In a letter sent Tuesday to FCC chairman Kevin Martin and the agency’s four commissioners, Jackson took issue with two of Martin’s pet policies, a la carte cable subscriptions — which Jackson called “an obsession” — and leasing of digital broadcast channels to minorities.
Martin has long pressed the cable TV industry for a la carte subs, arguing that consumers should be able to order — and pay for — only the channels they want. He has also pushed cablers on multicast must-carry, which would force cablers to carry as many as six digital channels that a broadcaster could transmit, taking up valuable channel space for cable ops.

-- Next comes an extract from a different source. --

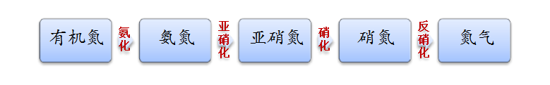 第二,利用微生物硝化和反硝化去除廢水中的氨氮,其原理是硝化菌和反硝化菌的聯合作用,將水中氨氮轉化為氮氣以達到脫氮目的。首先通過硝化細菌和亞硝化細菌將氨氮轉化為亞硝酸鹽和硝酸鹽,然后再進行反硝化,將硝酸鹽轉化為氮氣。其反應原理圖如下所示:

Martin has also pushed for multicast, saying that some of the extra digital channels would be made available on a leased basis for “qualified entities,” which would include minority interests.
Starting with digital leasing, Jackson wrote, “This proposal is regarded by many as a consolation prize for what is widely considered to be an anti-diversity agenda emanating from the FCC. In particular, there is growing concern about what many regard as an obsession — there can be no other word for it — with pushing a la carte regulations, despite the fact that nearly every minority program network and civil rights organization, supported by nearly every public and private study, has said that such a policy would hinder emerging minority programmers from achieving the scale and household reach necessary for financial viability.”

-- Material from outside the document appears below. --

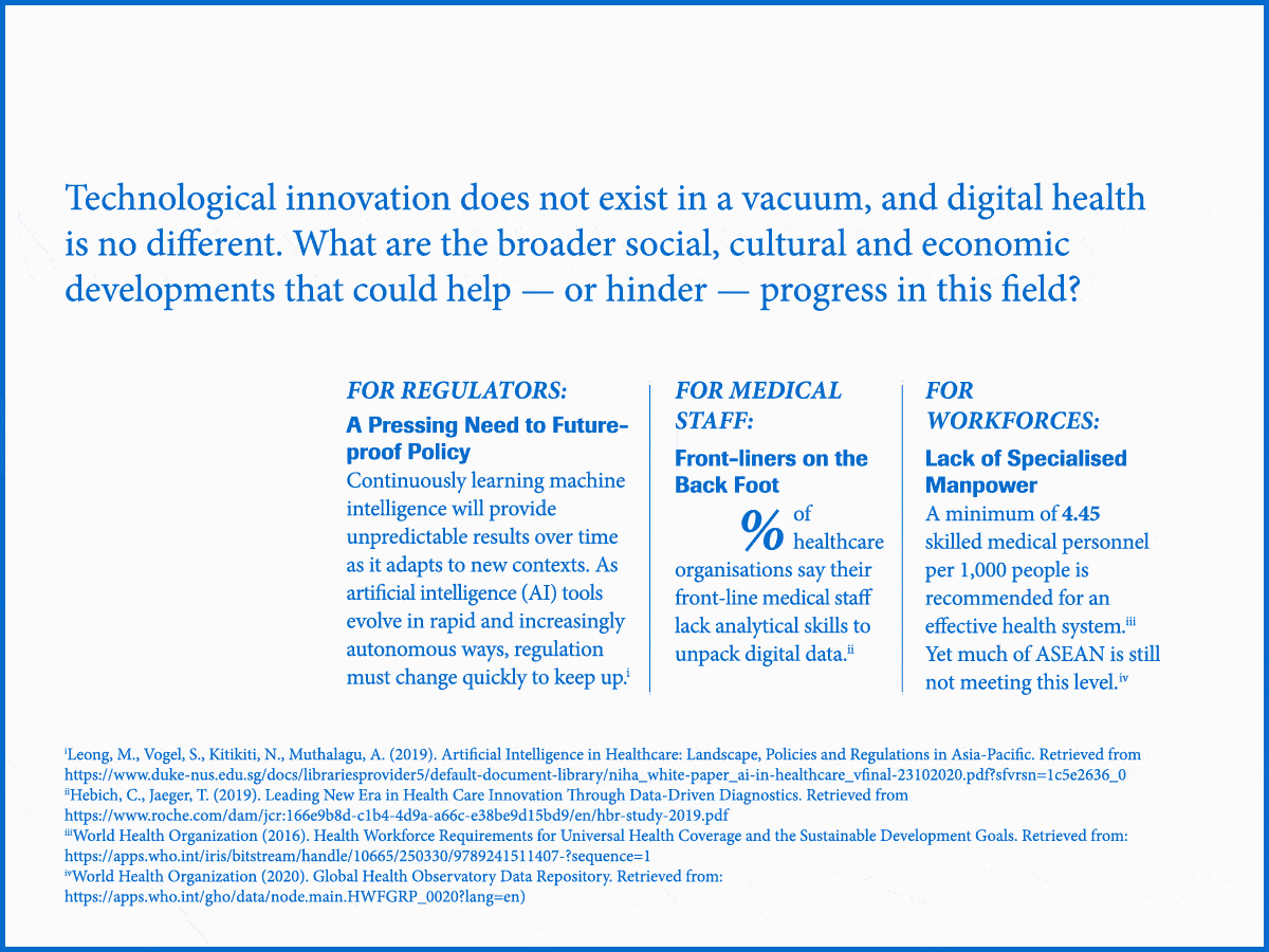Digital health comes to life in the objects that we now handle every day, and this is where things can get complicated. As highlighted by the Asia Pacific Medical Technology Association in its recent digital health survey, a common regulatory framework across the region would help to address issues of interoperability between systems, cybersecurity and safety of the medical devices.2

Jackson said that minority broadcasters want to own channels or networks — not lease them from another, established broadcaster. He argued that Martin’s policies, if enacted, would benefit existing, big media, and create more broad-based programming such as informercials.

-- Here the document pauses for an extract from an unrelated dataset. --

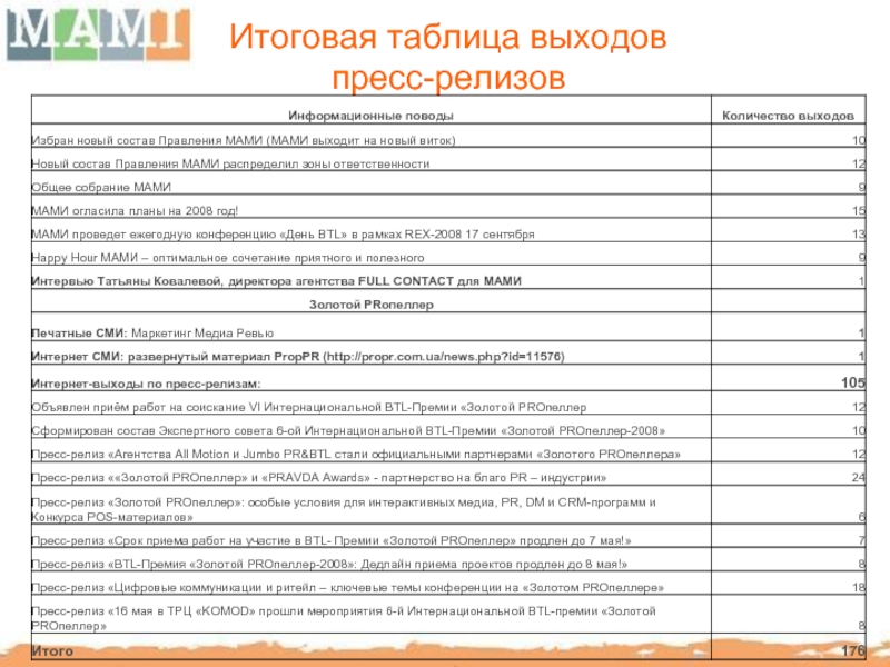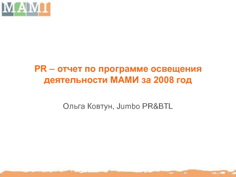 Слайд 89PR – отчет по программе освещения деятельности МАМИ за 2008 год

Minority leaders and some studies have claimed that minority-focused programming depends on being bundled into large channel packages, in which viewers often discover niche programs by channel surfing.
“It is in this context that I find the proposal to allow some minority broadcasters to lease time on the multicast must-carry channels so objectionable and so irrelevant to the aspirations of our communities,” Jackson wrote.